One thing some of you might be wondering is the reason behind those cryptic words within brackets beside each resource. Those are the Cloudformation Types for each resource. AWS Cloudformation is an IAAS (Infrastructure as a Code) solution that allows you to type out your infra requirements in a certain format, in JSON or YAML files, and run them across environments.

Why do we need to back up our data from DynamoDB to the Data Lake?

So, let's get the elephant out of the room first. In case you want to run queries on transactional tables, generate reports, or deep dive into user behaviour, it might not be a great idea. The reason behind this is that data analysis queries may query data within a large period such as a month or a year or longer.

These queries would have a large impact on the normal running of your databases and in turn, the users interacting with your website or app would be affected due to delayed response or even possible timeout errors.

Another reason is that your transactional tables will just contain the latest state of every id, whereas your Data Lake will contain the changes. In many instances, the changes themselves are more important and might require a deep dive by your data team or the business team to enable data-driven decision-making.

Why did we use the Amazon Kinesis Data Stream?

Kinesis Stream, combined with Firehose gives you a managed solution using which you can set up your data streaming infrastructure in a matter of minutes. Things like partitioning or output data format can be changed by simple config changes in the resources. When you push the data to the S3 bucket, a backup folder is automatically created where all the data that you push to the Data Lake is saved in its raw format. This can be used in case your data flow breaks due to any reason or if there are errors in the processing stage of Firehose.

A separate folder called errors is also created where errors are saved. Errors can be of 2 kinds- 1. Data processing error or 2. Format conversion error. These inbuilt features and the benefits of being a managed service are a major reason why we used Kinesis Data Stream.

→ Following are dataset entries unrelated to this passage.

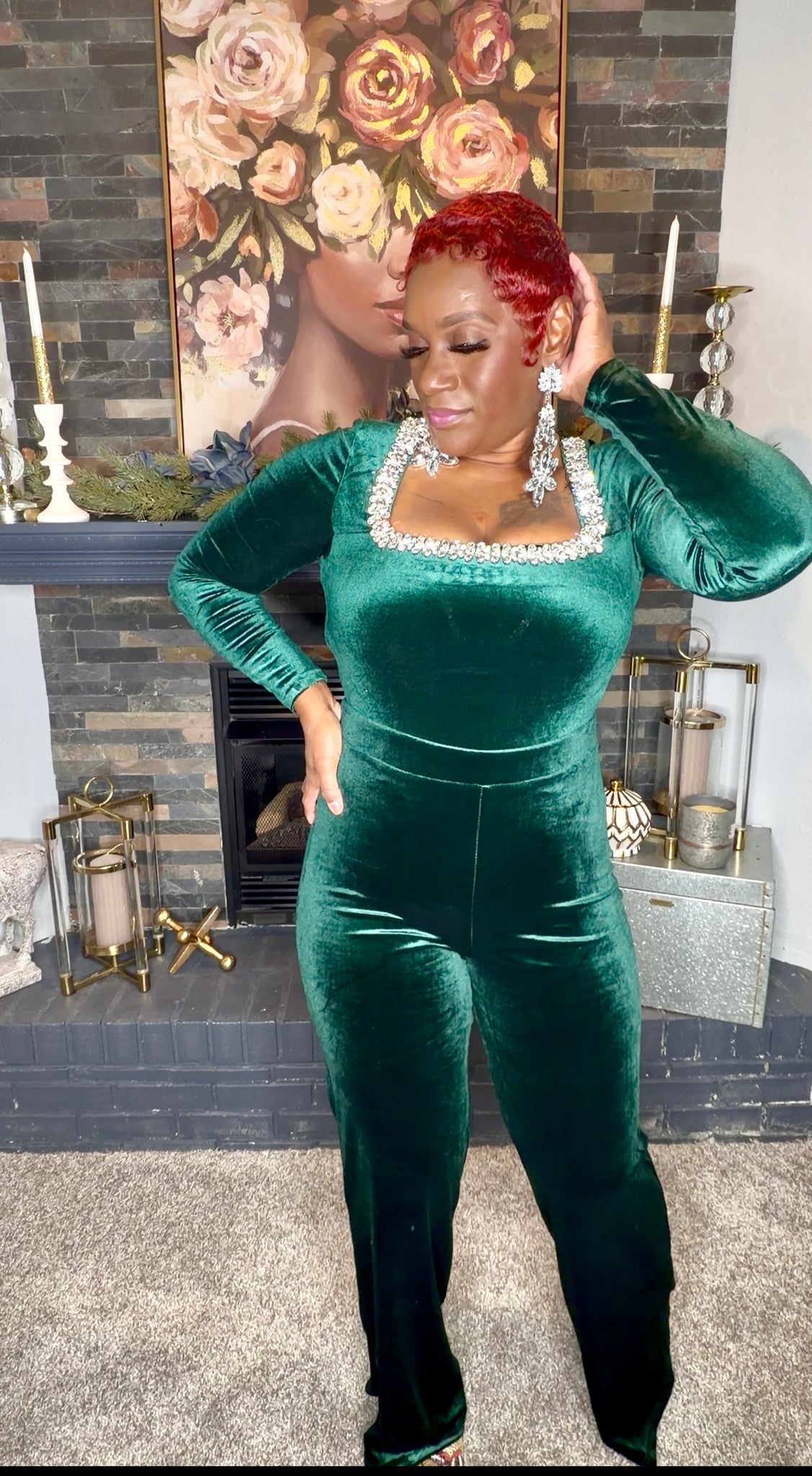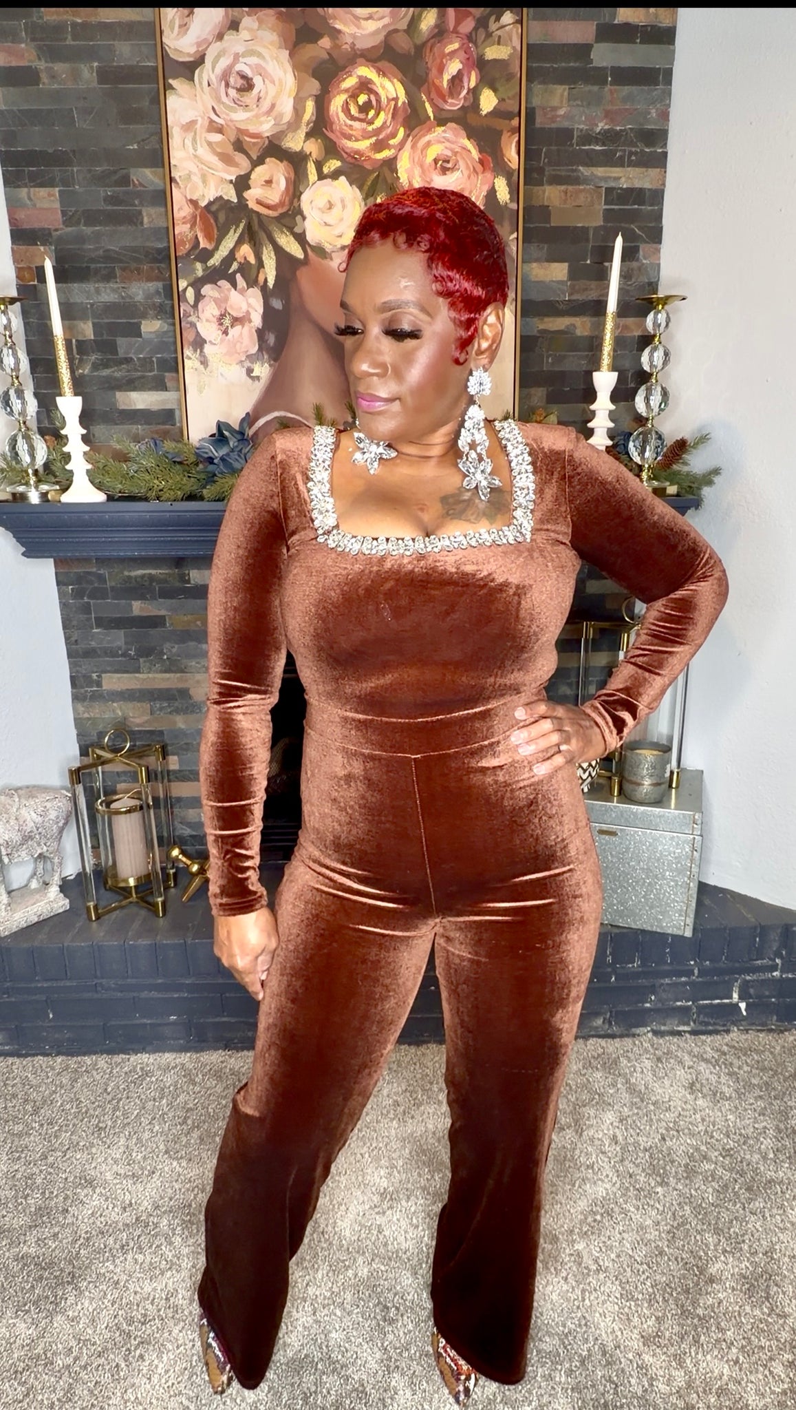 Velvet one piece jumpsuit with jeweled neckline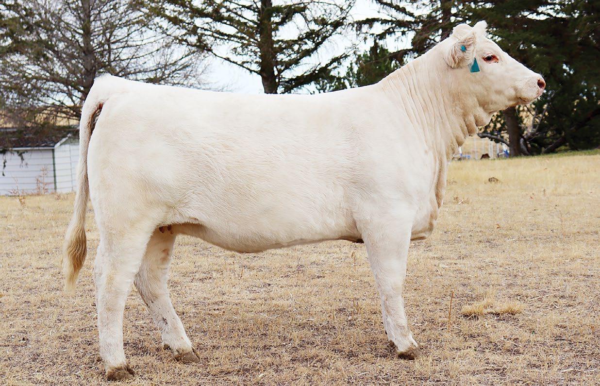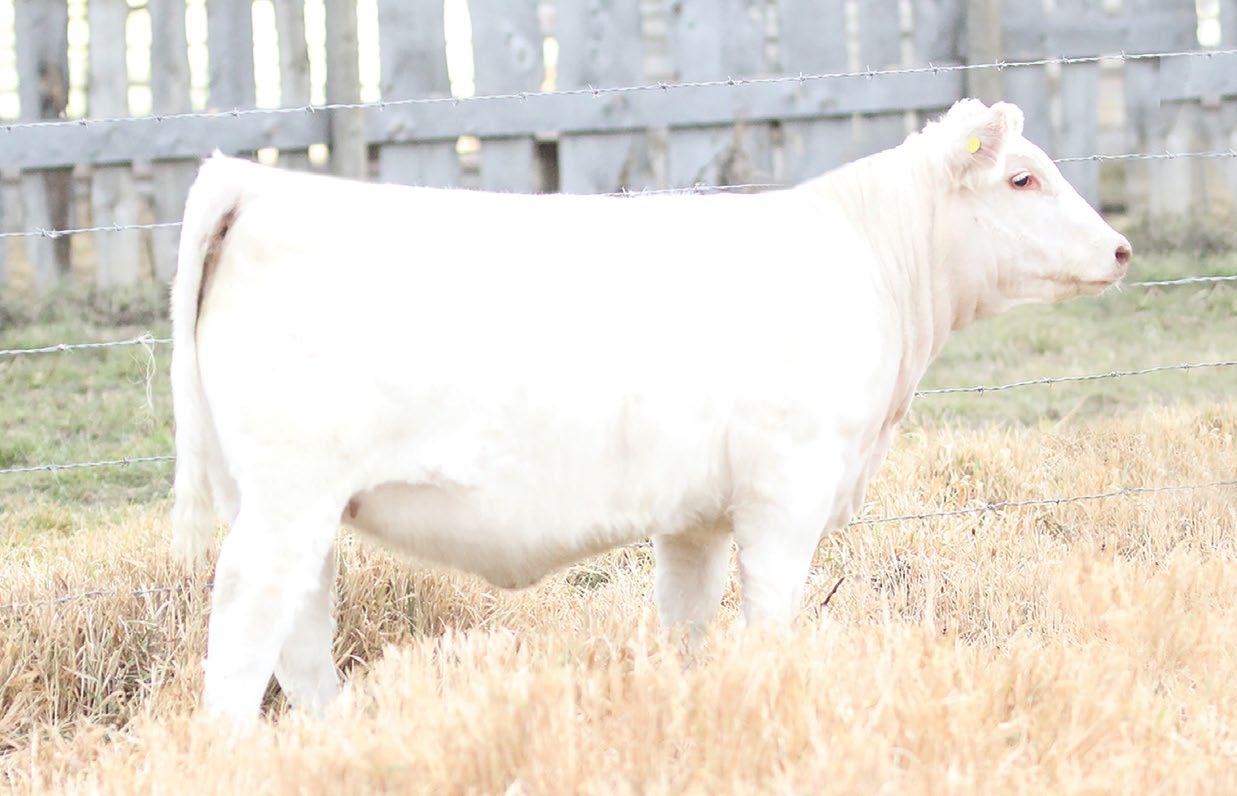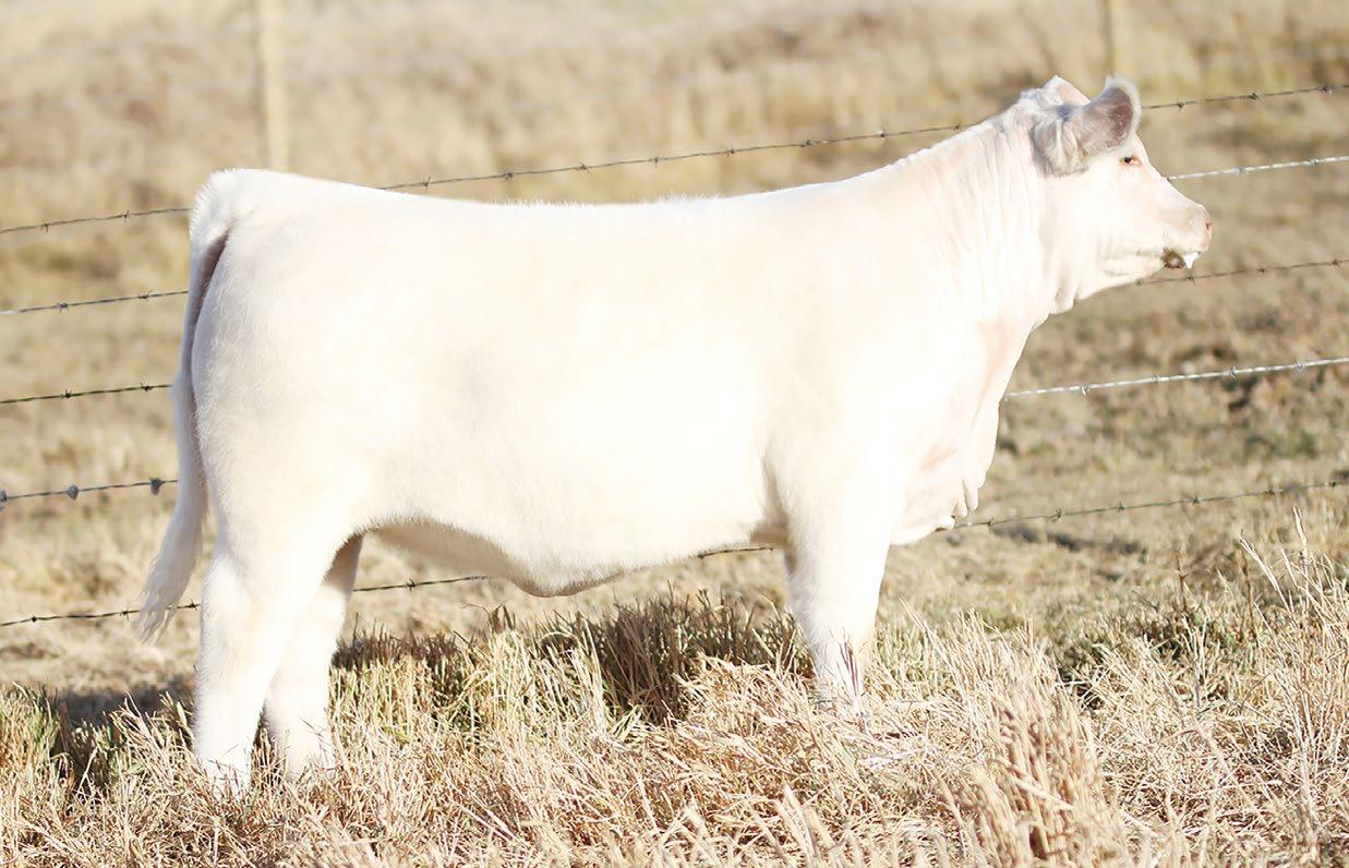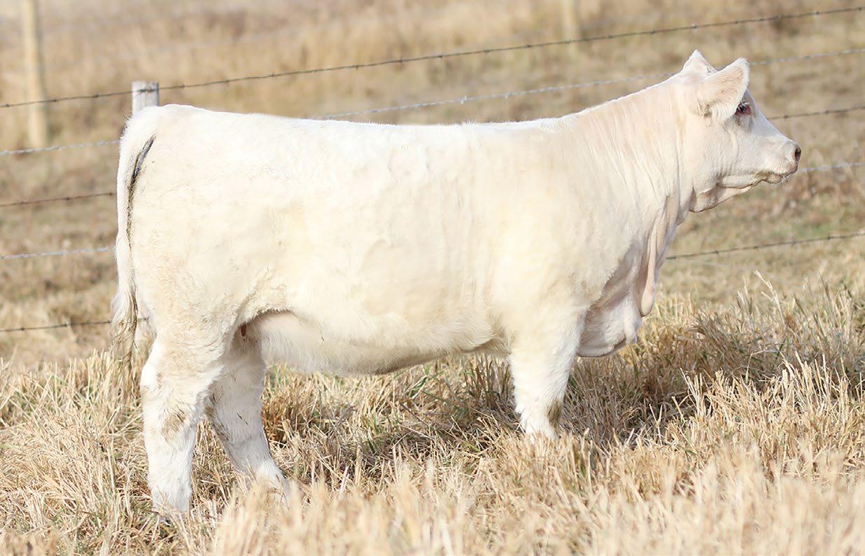 Really nice made female with extra depth, a real strong and well built udder. As time goes on many breeders look to add Pastor into pedigrees, as he was such a strong female making bull. Looking back you will find Pastor in her pedigree so to me that adds value to this female. Her service is exciting being mated to the $30,000 high selling PCC Innovation 123J. A young herd sire that is sure to leave a strong mark on the Charolais breed, being a son of the great Berkly Ann!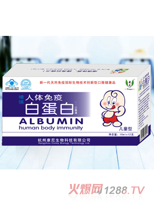 康尼兒童免疫白蛋白口服液主要作用成分是免疫白蛋白,這是一種從血漿中提取出來的蛋白質(zhì),可增加血容量和維持血漿膠體滲透壓,調(diào)節(jié)組織與血管之間水分的動(dòng)態(tài)平衡,從而起到增加循環(huán)血容量和維持血漿膠體滲透壓的作用。白蛋白既能結(jié)合陰離子又能結(jié)合陽離子,可以輸送不同的物質(zhì),可將有毒物質(zhì)輸送到解毒器官。白蛋白還是人體免疫球蛋白的重要組成,可以提高人體myil、抵抗力,增強(qiáng)孩子的體質(zhì)。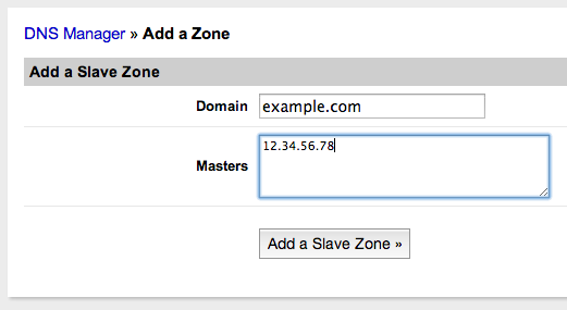 On the slave zone page, you’ll want to enter your domain name in the “Domain” box and your cPanel server’s main IP address in the “Masters” box.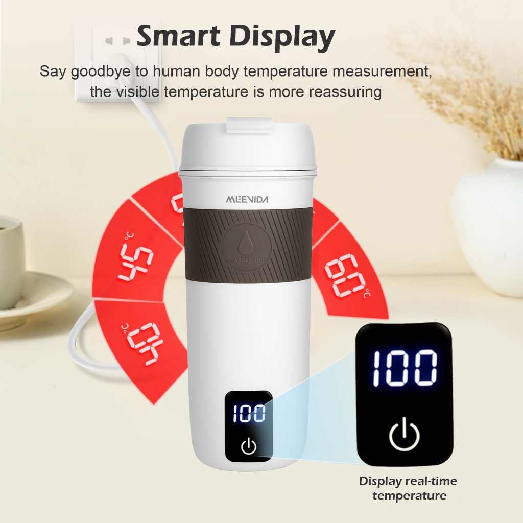 Meevida ถ้วยน้ําร้อนไฟฟ้าแบบพกพา ยูเอสบี ชาร์จกาต้มน้ําเดินทางไฟฟ้าถ้วยดน้ําขนาดเล็กจอแสดงผลนําถ้วย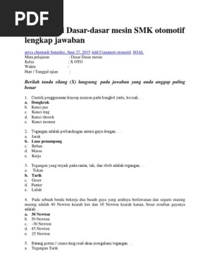 Top Pdf Teknik Dasar Otomotif Kelas X Teknik Ken 123dok Com from data03.123doks.com Sobat juga bisa membaca artikel sebelumnya tentang soal uas teknologi dasar otomotif kelas 10 semester 1. 10 contoh soal uts sejarah beserta essay dan pembahasannya. Jelaskan siklus motor bensin 2 langkah dan 4 langkah ! Untuk soal lainnya anda bisa baca : Lihat gambar berikut, hitunglah nilai f2! Pekerjaan dasar teknik otomotif kelas semester. Soal dan pembahasan matematika kelas xi semester 1 dicky zhue. Latihan soal terbaru beserta kunci jawaban unbk smk jurusan pekerjaan dasar teknik otomotif eka yogaswara kurikulum 2013 revisi untuk smkmak bidang keahlian teknologi dan rekayasa program keahlian.
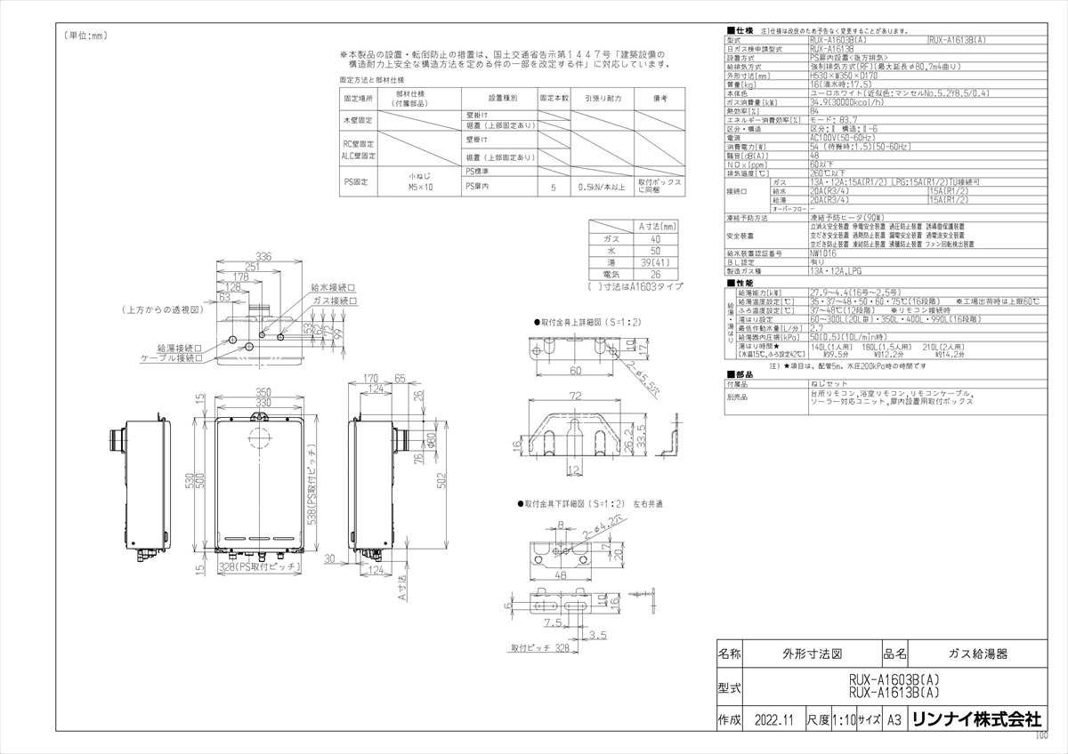 給湯専用ガス給湯器 16号 PS扉内後方排気型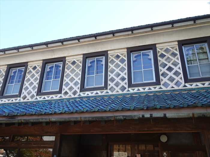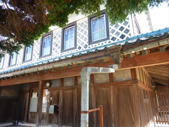 二階そして今はないが三階は大壁構造の海鼠壁に縦長のガラス窓を穿ち、屋根は瓦葺、軒蛇腹は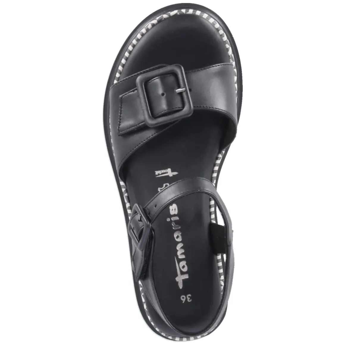 Diese Damen-Sandalen von Tamaris setzen auf zeitloses Design und hohen Tragekomfort. Schwarzes Glattleder umschließt den Fuß in klaren Linien, die offene Schuhspitze sorgt für luftiges Gefühl an warmen Tagen. Zwei Klettverschlussriemen mit verstellbarer Schnalle erlauben eine passgenaue Einstellung, während das gepolsterte Fußbett auf einer Decksohle aus Leder sanfte Dämpfung bietet. Das langlebige Echtleder zeigt sich formstabil und anschmiegsam, die starke Laufsohle gewährleistet Halt auf verschiedensten Untergründen. Eyecatcher ist das geometrische Rahmenmuster im Retrodesign in Schwarz-Weiß, das dem minimalistischen Look eine grafische Note verleiht. Der Schnitt fällt normal aus und erleichtert die Größenauswahl. Modetipp: Besonders stimmig wirkt das Modell zu einer monochromen Kombination aus schwarzer Culotte und feinem Stricktop, akzentuiert mit silbernen Kettendetails.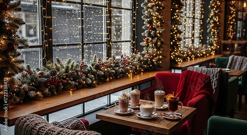 Cozy christmas atmosphere in a cafe with decorated windows, warm lights, and hot drinks on a table, creating a festive and inviting scene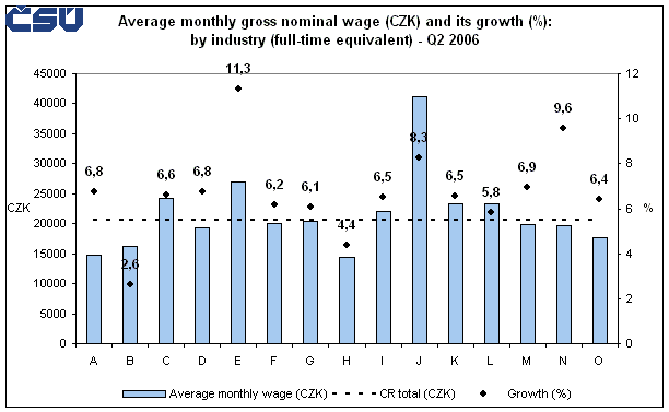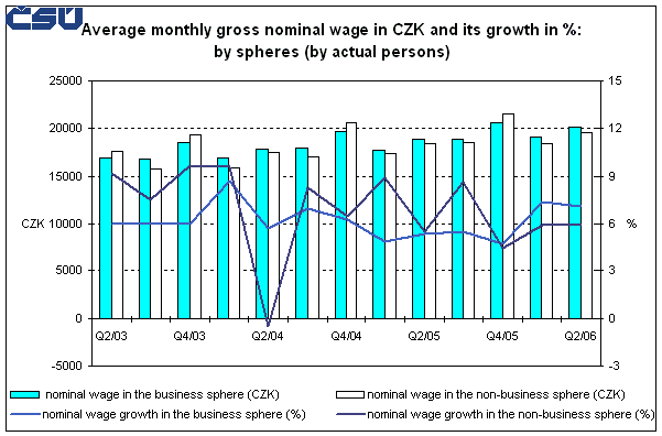In Q2 2006 the average wage per FTE person increased by CZK 1 326 year-on-year (+6.9%) to reach CZK 20 674, rising to CZK 20 654 (+7.1%, CZK +1 361) in the business sphere and CZK 20 745 (+6.1%, CZK +1 200) in the non-business sphere. The real wage increased by 3.9% in total, in the business sphere by 4.1% and by 3.1% in the non-business sphere.

In case we had opted for DynamoDB Streams, we would have needed to build out a lot of the features that we spoke of- features, that you will need to build, manage and update from time to time. The only benefit in case you use DynamoDB Streams is that it is guaranteed that no duplicate records will be sent, whereas there is a minimal chance of duplicate records in the case of Kinesis Data Streams, but that can be handled easily.

The DynamoDB Table

While I am expecting that most of you have already set up the Dynamo table and have come to this article to understand how to stream the data from the DynamoDB in real-time to a Data Lake, there’s also a possibility that few may want to try this out as an experiment before creating the entire setup in their production environment. For those, I will be sharing the config and Cloudformation template of the DynamoDB table as well.

---
AWSTemplateFormatVersion: 2010-09-09

Parameters:
TableName:
Type: String
Description: Table Name


Resources:

Table:
Type: "AWS::DynamoDB::Table"
Properties:
KinesisStreamSpecification:
StreamArn: !GetAtt KinesisStream.Arn
PointInTimeRecoverySpecification:
PointInTimeRecoveryEnabled: true
AttributeDefinitions:
- AttributeName: "partition_key"
AttributeType: "S"
KeySchema:
- AttributeName: "partition_key"
KeyType: "HASH"
ProvisionedThroughput:
ReadCapacityUnits: 1
WriteCapacityUnits: 1
TableName: !Ref TableName

While the rest of the template deals with configs related to the DynamoDB itself, we are mainly concerned with the KinesisStreamSpecification and PointInTimeRecoverySpecification.

  1. KinesisStreamSpecification- Deals with the streaming of the CDC for the DynamoDB table via Kinesis. We have added the KinesisStream ARN in the StreamArn parameter. The details for the Kinesis Stream are shared in the next topic in this article. Once you provide a particular Kinesis Stream in this config parameter, the CDC from the DynamoDB table will be streamed over that stream only, and it will be left up to you how you manage the data further downstream- you can connect the Kinesis Stream to a firehose, add a lambda, etc
  2. PointInTimeRecoverySpecification- While this has got nothing to do with the streaming of data, marking the PointInTimeRecoveryEnabled parameter as true will allow you to take a backup of the DynamoDB table. This may be needed in case of-
    * a failure in streaming where you may need to capture the data from the DynamoDB at that particular instant in time.
    * In case your DynamoDB was created first and you started streaming the CDC after some time, you might want to take a backup of the data at the same time as when you begin streaming. This backup may be used to fill up the Data Lake with the data which was present before streaming started.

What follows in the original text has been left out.